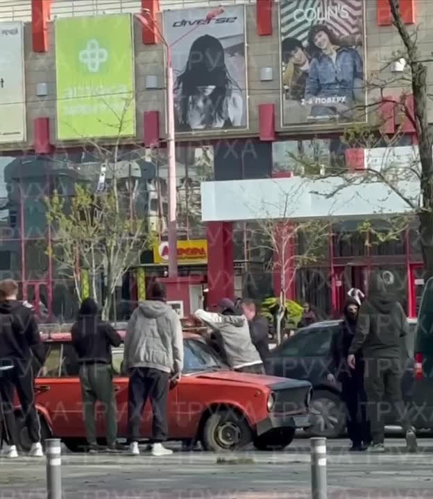Полиция задержала автомобиль, и уже через 10 минут подъехали ТЦКашники - после этого началась драка. У одного из ТЦКашников окровавленная балаклава.
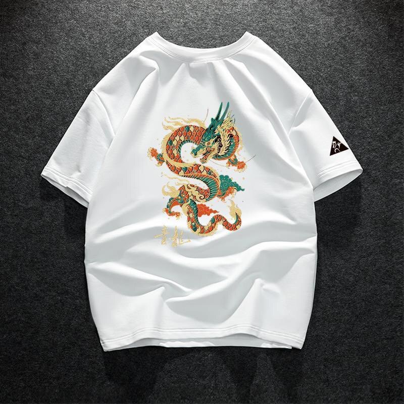 法国公鸡纯棉短袖男宽松圆领红色T恤青少年2024龙年本命年衣服潮
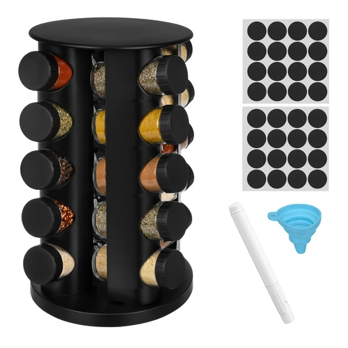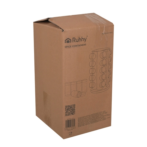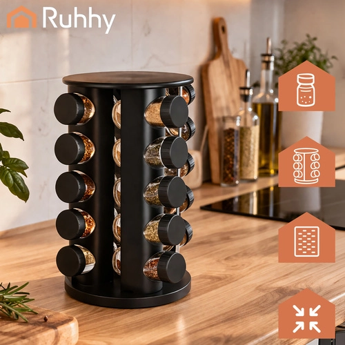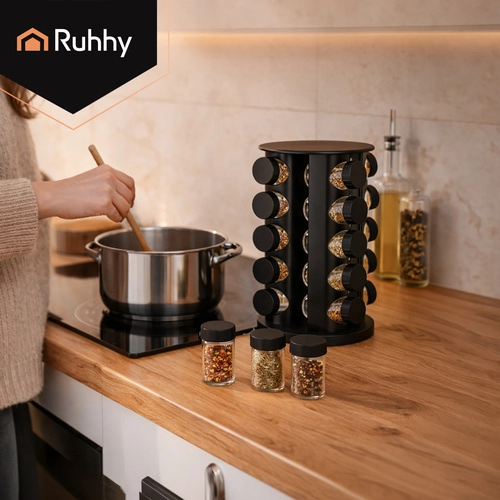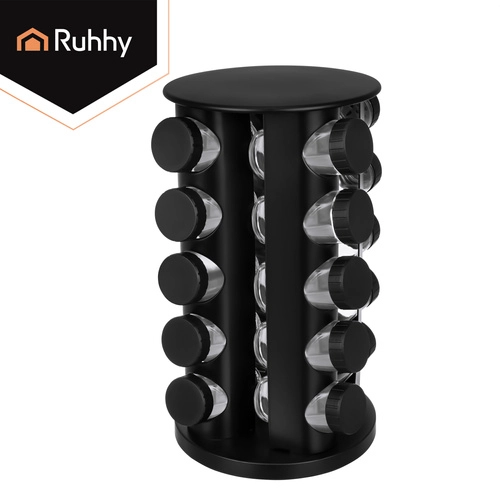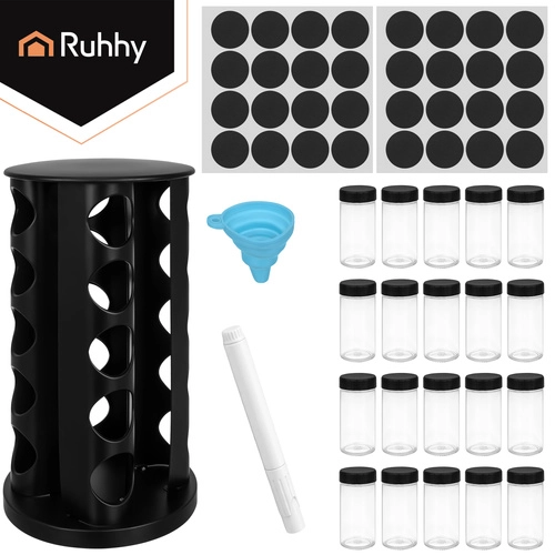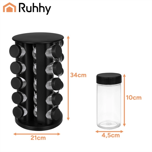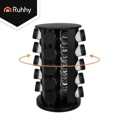 Organisér dit køkken smart og elegant. Det komplette RUHHY-kryddesæt tilbyder 20 glasbeholdere på 90 ml i et stabilt drejekarussel, som sparer plads og giver hurtig adgang til hver ingrediens. Det moderne sorte design passer i ethvert køkken og gør dine krydderier til en stilfuld dekoration.

--- --- ---

> [PROBLEM DESCRIPTION]: The line with "法国公鸡纯棉短袖男宽松圆领红色T恤青少年2024龙年本命年衣服潮" marks the start, and the last line of the material marks the end. Reproduce exactly those two lines and every line between them, without the pictures.

> [OUTPUT FOR THIS EXERCISE]:
 法国公鸡纯棉短袖男宽松圆领红色T恤青少年2024龙年本命年衣服潮
 Organisér dit køkken smart og elegant. Det komplette RUHHY-kryddesæt tilbyder 20 glasbeholdere på 90 ml i et stabilt drejekarussel, som sparer plads og giver hurtig adgang til hver ingrediens. Det moderne sorte design passer i ethvert køkken og gør dine krydderier til en stilfuld dekoration.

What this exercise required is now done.